The following is from the stupid ideas department: Maybe there could be a 
"reverse cache" template tag, such that you would mark the places where you 
want changing content as non-cacheable. You would need two views for this, one 
which would construct the "base content" and then another which would construct 
the dynamic parts. Something like:

page_cached.html:
... expensive to generate content ...
{% block "login_logout" non_cacheable %}
{% endblock %}
... expensive to generate content ...

You would generate the base page by a cached render view:

def page_view_cached(request, id):
    if cached(id):
        return cached_content
    else:
        ... expensive queries ...
        return cached_render("page_cached.html", context, ...)

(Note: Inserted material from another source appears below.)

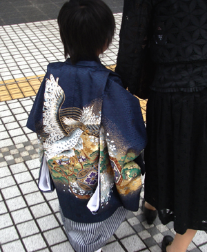行ったのは今月上旬。休みを取って遠路遥々実家帰省。自宅近くの神社で細々しようかと思ったら、父も母もその日仕事で、無理との事。なんだよ~、せっかくの記念なのに、家族4人かよ。・・・・。東京帰ろ。と、決めたのが、10月下旬。慌ててお母さんに電話して、OK貰ったら、次は写真館予約して、仕事休めるように調整して、新幹線の予約して・・・。ものすごい勢いで、全部決めました。仕事帰りにそのまま新幹線に駆け込んで、そんな日に限って、のぞみ大混雑。大変でした。そして、本番。すごい雨(TロT)せっかくの晴れ舞台が・・・。写真いっぱい取る気だったのに、全然取れないし、次男は途中で寝ちゃうしで、がっくし。それでも、長男の立派な和服姿が見れて大満足。後姿の長男とおかあさんお母さんがお祝いのケーキとかお料理とか準備してくれていて、とても感謝しています。子供たちはいとこに会えて嬉しそうだし、帰って来てよかった。翌日憎らしいほどいい天気でした。寒かったけど。。。。。。。この日は、神奈川県にあるこどものくにへいとこと一緒に遊びに行きました。牧場でぱしゃり。色々あったけど、楽しい帰省になりました。と、喜んでいたら、翌日から次男、水疱瘡(涙)」 ̄|○会社を結構休みました。辛かった・・・。ふーーーーーぅ。(もう直りました)。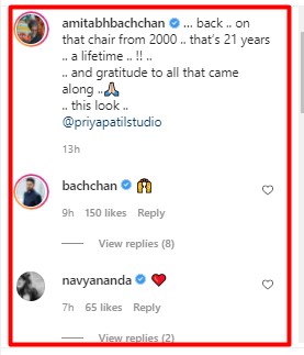 Reacting to Big B’s post, his son Abhishek Bachchan dropped a raising hands emoji and granddaughter Navya Naveli Nanda posted a red heart emoji. Fans also lauded the veteran actor with comments such as ‘a living legend you are sir’, ‘best wishes sirji for KBC13. You rock’ and ‘awesome sir’.

The above view would not be directly usable at all, you would need to use a 
wrapper view which would render the non-cacheable parts:

def page_view(request, id):
    # Below would return quickly from cache most of the time
    cached_portions = page_view_cached(request, id)
    return render_to_response("page.html", context={cached: cached_portions, 
user:request.user})

where page.html would be:
{% extends cached %}
{% block login_logout %}
{% if user.is_authenticated %}
    Hello, user!
{% else %}
    <a href="login.html">login</a>
{% endif %}
{% endblock %}

That seems to be what is really wanted in this situation. The idea is quite 
simply to extend the block syntax to caching. A whole another issue is how to 
make this easy enough to be actually usable, and fast enough to be actually 
worth it.

 - Anssi

________________________________________
From: [email protected] [[email protected]] 
On Behalf Of Jim Dalton [[email protected]]
Sent: Friday, October 21, 2011 16:02
To: [email protected]
Subject: Re: The state of per-site/per-view middleware caching in Django

On Oct 20, 2011, at 6:02 PM, Carl Meyer wrote:

> -----BEGIN PGP SIGNED MESSAGE-----
> Hash: SHA1
>
> Hi Jim,
>
> This is a really useful summary of the current state of things, thanks
> for putting it together.
>
> Re the anonymous/authenticated issue, CSRF token, and Google Analytics
> cookies, it all boils down to the same root issue. And Niran is right,
> what we currently do re setting Vary: Cookie is what we have to do in
> order to be correct with respect to HTTP and upstream caches. For
> instance, we can't just remove Vary: Cookie from unauthenticated
> responses, because then upstream caches could serve that unauthenticated
> response to anyone, even if they are actually authenticated.
>
> Currently the Django page caching middleware behaves pretty much just
> like an upstream cache in terms of the Vary header. Apart from the
> CACHE_MIDDLEWARE_ANONYMOUS_ONLY setting, it just looks at the response,
> it doesn't make use of any additional "inside information" about what
> your Django site did to generate that response in order to decide what
> to cache and how to cache it.
>
> This approach is pretty attractive, because it's conceptually simple,
> consistent with upstream HTTP caching, and conservative (quite unlikely
> to serve the wrong cached content).
>
> It might be possible to make it "smarter" in certain cases, and allow it
> to cache more aggressively than an upstream cache can. #9249 is one
> proposal to do this for cookies that aren't used on the server, either
> via explicit setting or (in a recently-added proposal) via tracking
> which cookie values are accessed. If we did that, plus special-cased the
> session cookie if the user is unauthenticated and the session isn't used
> outside of contrib.auth, I think that could possibly solve the
> unauthenticated-users and GA issues.
>
> However, this (especially the latter) would come with the cost of making
> the cache middleware implementation more fragile and coupled to other
> parts of the framework. And it still doesn't help with CSRF, which is a
> much tougher nut to crack, because every response for pages using CSRF
> come with a Set-Cookie header and probably with a CSRF token embedded in
> the response content; and those both mean that response really can't be
> re-used for anyone else. (Getting rid of the token embedded in the HTML
> means forms couldn't ever POST without JS help, which is not an option
> as the documented default approach). You can mark some form-using views
> that are available to anonymous users as csrf-exempt, which exposes you
> potentially to CSRF-based spam, but isn't a security issue if you aren't
> treating authenticated submissions any differently from
> non-authenticated ones.
>
> Generally, I come down on the side of skepticism that introducing these
> special cases into the cache middleware really buys enough to be worth
> the added complexity (though I could be convinced that #9249 is worth it).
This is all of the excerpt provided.